Architecture¶
Module map¶
engine/
├── extractor.py docx/pdf -> ExtractedDoc (text, paragraphs, tables, header_fields)
├── schema_inference.py detect_placeholders + enrich_with_llm + FieldSchema
├── pattern_inference.py infer_field_patterns + grex Tier 2 + apply_inferred
├── hybrid_mapper.py map_hybrid (regex first, LLM batched fallback)
├── batch.py normalize_batch orchestrator + token-substitution renderer
├── semantic_diff.py diff_documents / diff_texts (LLM as judge)
├── confidence.py ConfidenceLabel + calculate_confidence (structural Protocol)
├── ascii_layout.py luminance-based layout features (no LLM)

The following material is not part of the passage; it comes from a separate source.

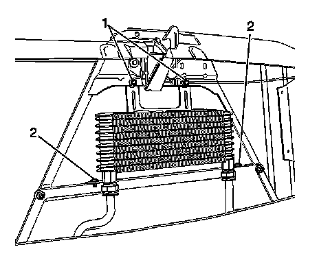 2. Install the bolts (1) and the push pins (2) that retain the auxiliary oil cooler to the radiator brace.
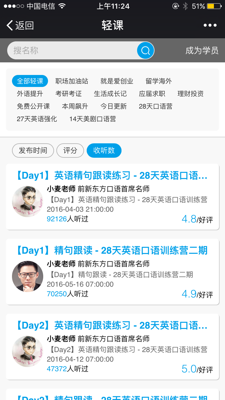 輕課是基于移動(dòng)端,通過(guò)網(wǎng)紅名師、社群、直播的方式,定位名師直播大課教學(xué)+微信群小班互動(dòng)的在線教育產(chǎn)品,目前專(zhuān)注在英語(yǔ)領(lǐng)域,其用戶(hù)主要定位于即將畢業(yè)的學(xué)生和畢業(yè)四年內(nèi)的職場(chǎng)新人。

├── cli.py typer CLI: info, version, extract, normalize, conformity
├── llm/
│ ├── base.py LLMProvider Protocol + LLMError, LLMRateLimit, LLMTimeout
│ ├── router.py LLMRouter + AllProvidersFailed
│ ├── gemini_free.py GeminiFreeProvider
│ ├── openai_provider.py OpenAIProvider (strict mode opt-in)
│ ├── anthropic_provider.py AnthropicProvider (tool-use coercion)
│ ├── groq_provider.py GroqProvider (JSON mode)
│ ├── ollama_provider.py OllamaProvider (local httpx)
│ ├── openrouter_provider.py OpenRouterProvider (subclass of OpenAI w/ base_url)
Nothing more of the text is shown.